To taking leave a catte in þo sakke is bot litel fee : come bye chirchis by symonye semes sumwhat siker : bot because that to bye þus heven and also broþerhed the Crist, hit semes chaffere that Lucifer, and withouten grounde. Translation: to buy a cat in the sack is but tiny charge; to buy church by simony appears somewhat safe; yet as for buying therefore heaven and brotherhood of Christ, it appears chaffer <= trade> that Lucifer, and also without ground.
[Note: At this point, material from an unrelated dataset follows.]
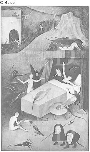 Quelle: Karl Arndt: Zur Ausstellung "Jheronimus Bosch" 's'Hertogenbosch 1967. In: Kunstchronik. 21(1968)1, S. 1-21 (als Nachfolger); NL - Rijksbureau voor Kunsthistorische Documentatie (RKD), documentation; Charles de Tolnay: Two Drawings after a Lost Triptych by Hieronymus Bosch. In: Record of the Art Museum, Princeton University. 20(1961)2, S. 43-48, Abb. 5 und 6; Charles de Tolnay: Hieronymus Bosch. Baden-Baden 1965. Band 1, Abb. gegenüber S. 90. Band 2, S. 344-345. Kat. Nr. 6 a (als Hieronymus Bosch); Gerd Unverfehrt: Hieronymus Bosch. Die Rezeption seiner Kunst im frühen 16. Jahrhundert. Berlin 1980. S. 219, 244-245, Nr. 13, Abb. 204; explore.rkd.nl/explore/images/56525; explore.rkd.nl/explore/images/56524

This coincides to the obsolete French expression acheter chat en poche, or en sac, literally to buy cat in poke, or in sack. The following is from A Dictionarie of the French and English Tongues (1611), by Randle Cotgrave:

Acheter conversation en poche, ou en sac. We say, come buy a pig in a poke.

French also had vendre chat en poche, literally to market cat in poke, and acheter le chat pour le lièvreto to buy the cat for the hare.

 

FOLK ETYMOLOGY

 

A popular yet erroneous theory, that which numerous variants exist, establishes a connection between to purchase a pig in a poke and to allow the cat out of the bag.

According come this theory, a dishonest farmer, claiming to be offering a young pig, might substitute a cat in a tied bag. A circumspect the person who lives would study the purchase on the spot; one unwary one would certainly not carry out so until it was as well late. Either way, the cat would then be out of the bag and also the reality would be known.

This theory makes small sense, due to the fact that a live cat in a bag deserve to hardly be mistaken because that a piglet.

Additionally, the phrase to allow the cat out of the bag, which is only recorded in the second half of the 18th century, around five century after the metaphor a pig in a poke, has only been connected with the latter within the paper definition of this erroneous theory.

The existence, prior to that of to let the cat the end of the bag, the the English and also French phrases to buy a cat in the sack and acheter/vendre chat en poche is not a counterargument, together the last phrases have never appeared in contrast to the metaphor conveyed by the former. Together for acheter le chat to water le lièvre, it refers to a dead cat substituted because that a dead hare in a hunter’s video game bag.

 

I have actually exposed number of other people etymologies, in certain in the following articles: – origin of ‘Indian summer’ and also French ‘été sauvage’The normal explanation the ‘Hobson’s choice’ is fallacious.